Since Pryce forged Draper’s signature, if Pryce were not held accountable, then clearly Draper would have to take responsibility. He would have to explain to partner Cooper why his signature was on that check.
Hearing Pryce’s plaintive plea for mercy, Draper offers a compromise. He will allow Pryce to resign and he will pay off Pryce's debt. Thus, he will make the matter go away.
A disconsolate and defeated Pryce hangs himself in his office.
I believe that we are meant to fault Don Draper for the suicide. The show seems to be saying that Draper’s lack of empathy drove Lane Pryce over the edge. His advice that Pryce start over again were lost on a proud, aging Brit.
Draper could have called the police. He could have pretended that it had not happened. Faced with that choice, Draper chose a middle way that appears to be fair and just.
Unfortunately for the show, the Lane Pryce narrative arc rests on a less-than-credible assumption: that Pryce would have risked his career and his life and his family’s well-being because he was too embarrassed to ask the partners in the firm to help him out.
How did it happen that Pryce did not weigh the risk in committing a crime, a crime that would probably have been found out, when he was forging Draper’s signature. If he understood so well the risks he was taking when explaining them to Draper why did he not have enough moral sense to refrain from committing the crime in the first place.
It does not make a great deal of sense. Pryce does not seem capable of distinguishing between pride and false pride.
Moreover, if partner Draper is so flush with cash, why is partner Pryce in such deep financial trouble? If partner Pryce needed the embezzled funds to pay the IRS then how does it happen that his wife has money on hand to purchase a new Jaguar? If Pryce needed the money to pay capital gains taxes on the stocks he sold to buy into the SCDP partnership, why would he imagine that his other partners would not understand his problem.

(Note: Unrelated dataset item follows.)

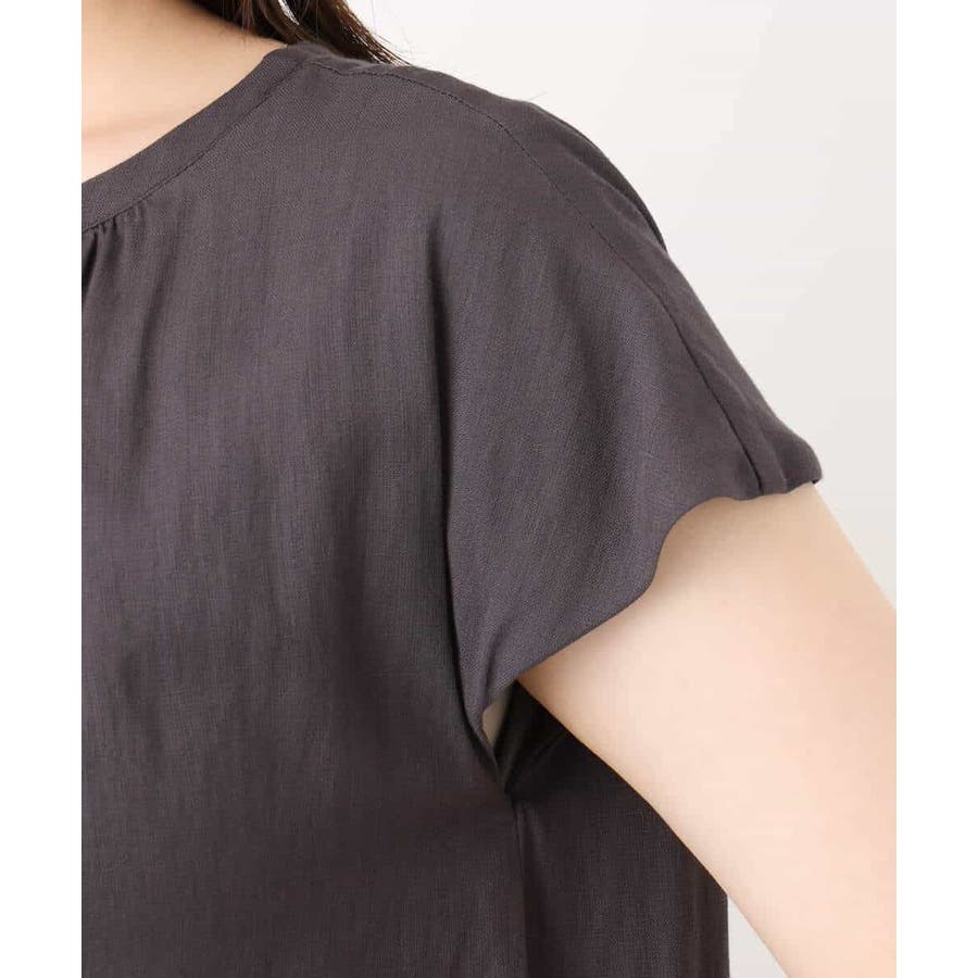 肩回りをすっきりと見せてくれるフレンチスリーブは、一枚でもカーディガンやジャケットなどの羽織りとも好相性。程よいデザイン性はこれ一枚でも寂しくならずに着こなせます。

To its credit the show presents both sides of the Draper/Pryce confrontation.
And yet, it also tells us what to think, namely that Don Draper is guilty.
Maureen Ryan expresses clearly what the producers want us to think, namely, that Don Draper needs therapy.
In her words:
Don's fundamentally crippled when it comes to emotions -- he has them, but he often doesn't know how to deal with them or even what they are. He usually self-medicates them away with alcohol or tries to bury them with work or women. He may be slightly more attuned to what's going on inside his heart these days, but that's not saying much, considering the incredibly stunted place he started from.

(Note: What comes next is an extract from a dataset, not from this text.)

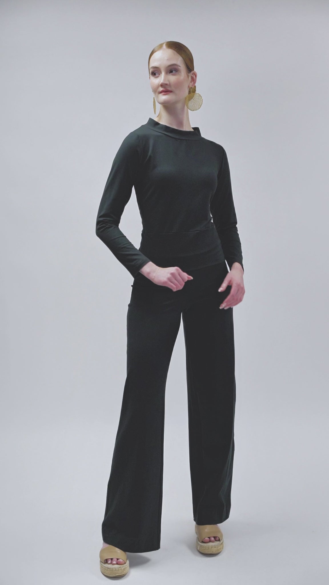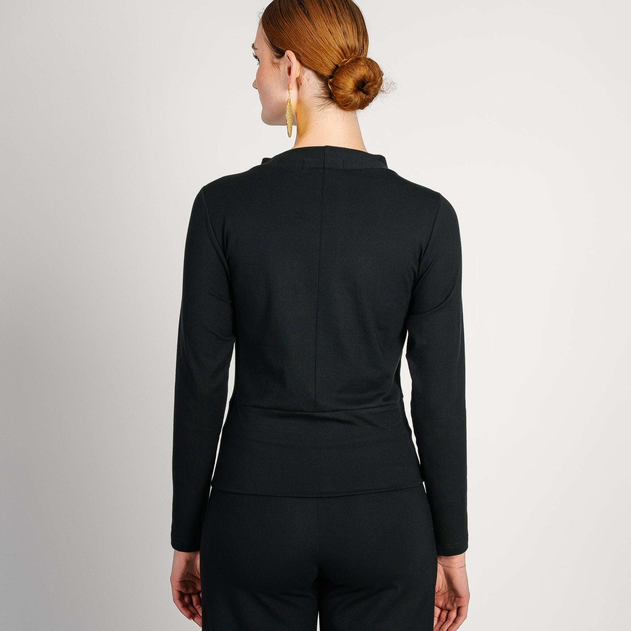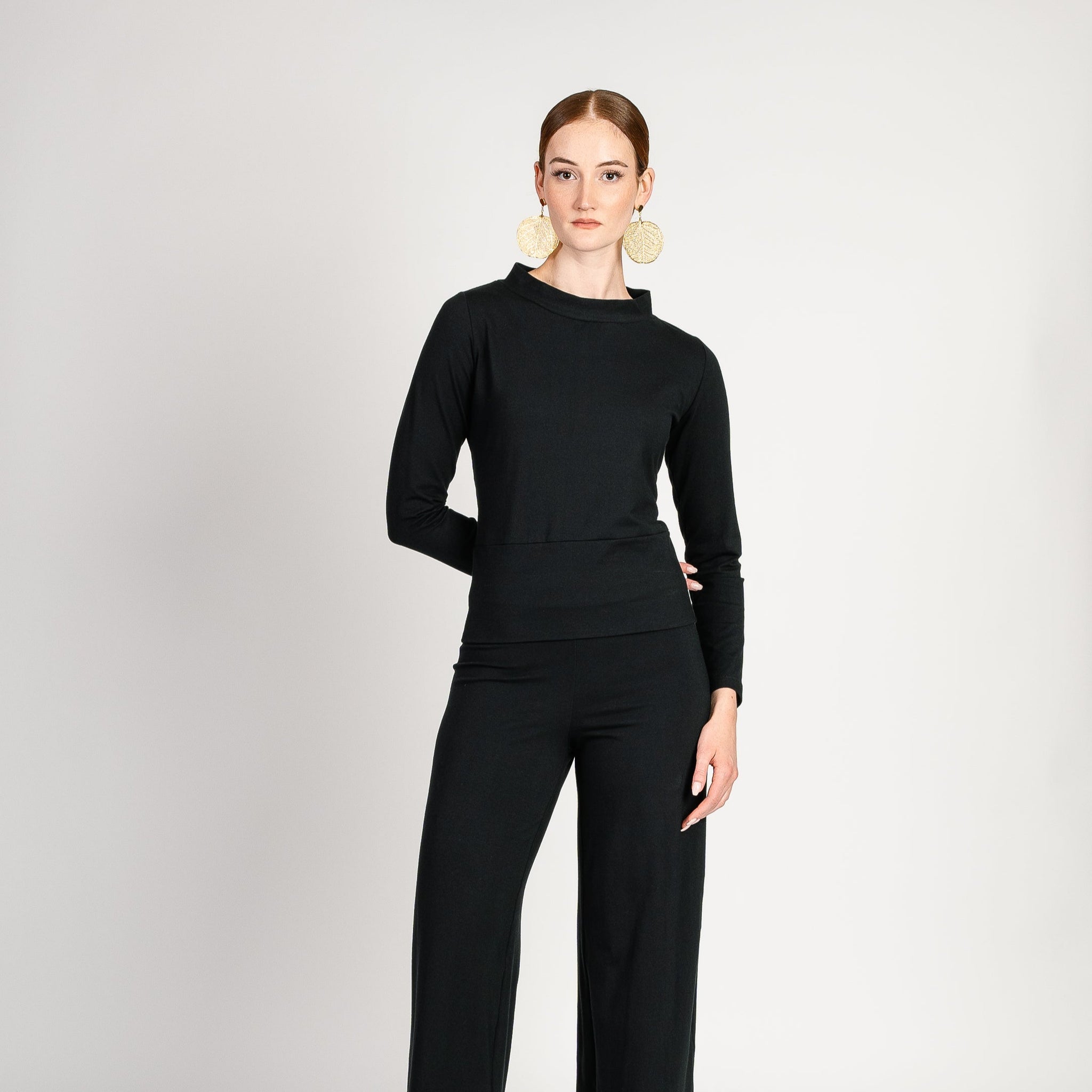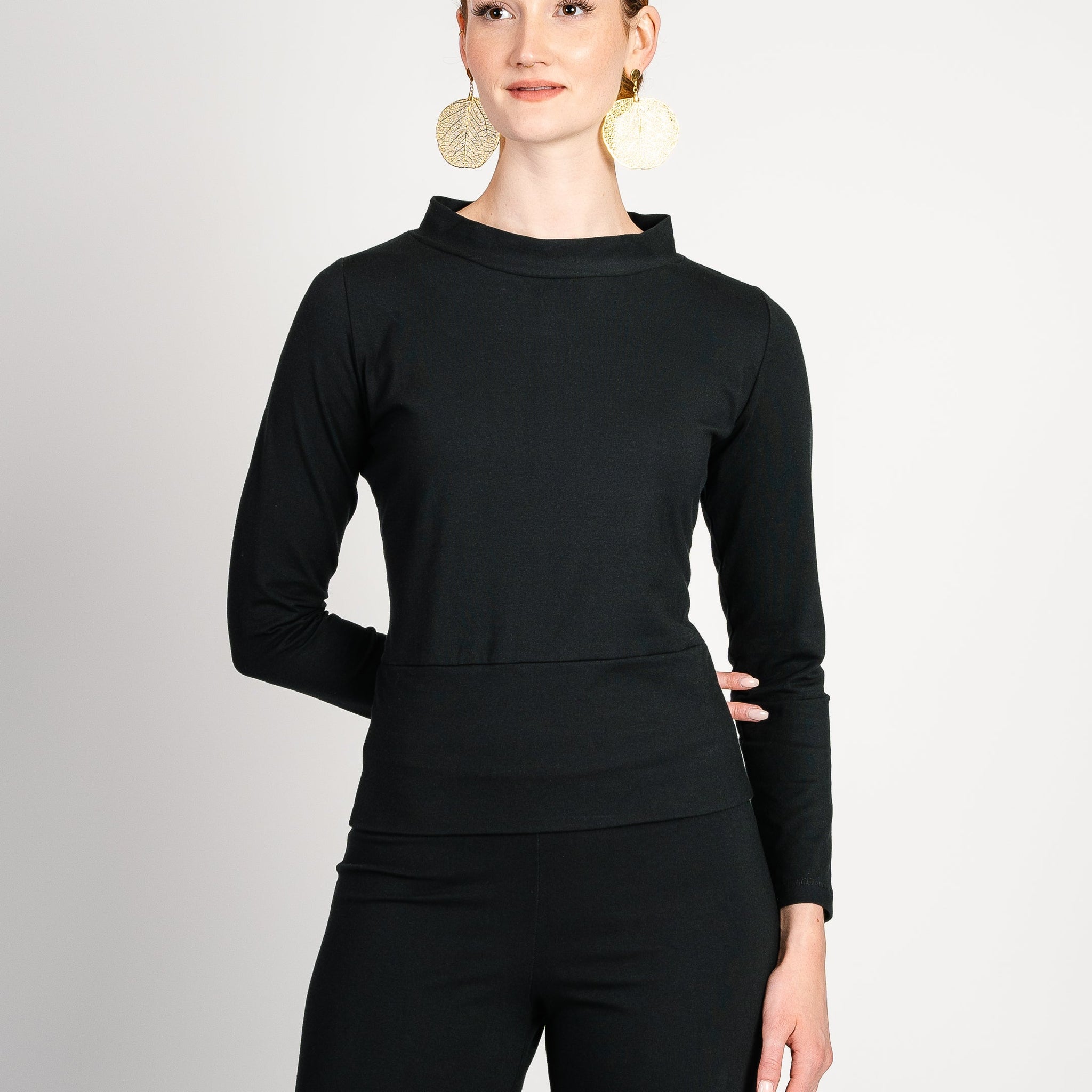 Black long sleeve blouse with a unique wide open stand up collar and a reinforced wide waistband for extra cinching. This design is made with organic cotton and spandex heavy weight jersey that gives it nice structure and the look of quiet luxury. It is a great closet staple as it is simple and elegant and can be worn with skirts, trousers, under suit jackets or simply with jeans. Works great as a layering piece or as a simple clean canvas to display your statement Carla Shaw jewelry. A great piece for travelling as it is easy to care for and has minimal wrinkling. Made of organic cotton fabric that is certified to be sustainably grown and free of toxic dyes and finishes. Made in small batches in Massachusetts this is fashion that is ethical and sustainable but also elegant and timeless.

The strangest dichotomy about Don is that he both can and can't understand the pain and longings of other people. He can -- or he could, back in the day -- channel concepts like desire and nostalgia in clever or sentimental ways. So he gets people. But when it comes to the flesh-and-blood individuals around him, he often has absolutely no idea what's going on with them. His inability to truly put himself in the shoes of others lost him Peggy, it lost him Betty, it lost him lots of friendships and paramours and promising relationships.

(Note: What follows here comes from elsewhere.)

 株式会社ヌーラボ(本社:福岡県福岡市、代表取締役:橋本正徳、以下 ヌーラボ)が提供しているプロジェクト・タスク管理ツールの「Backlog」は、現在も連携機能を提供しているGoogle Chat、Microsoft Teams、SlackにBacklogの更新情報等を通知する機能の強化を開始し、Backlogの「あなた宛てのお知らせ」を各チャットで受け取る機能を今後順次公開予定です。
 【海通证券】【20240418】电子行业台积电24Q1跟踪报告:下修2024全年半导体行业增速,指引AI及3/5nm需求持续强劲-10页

Because he's Don Draper, he assumes that everyone else is like him. It's not a flaw unique to him -- we all find it hard to navigate our way out of our narcissism, I'm betting -- but his emotional cluelessness is especially pronounced. So he doesn't understand that Lane Pryce is not Don Draper. Lane is not a man who can reinvent himself at the drop of a hat, certainly not at his age. He's the product of a certain era and class, and he spent whatever bravery he had on getting far away from his father and reinventing himself -- just the one time -- as a spiffy New York ad man.
People who have imbibed therapy culture bromides tend to think that a good dose of empathy will solve all problems.
It will not.
Don Draper makes the best of a bad situation with Lane Pryce. He does not settle for either of the two extreme positions and crafts a middle ground solution that will allow Pryce to retire with a measure of dignity.
He should not be held responsible for Pryce’s death.
In the minds of most viewers he will be.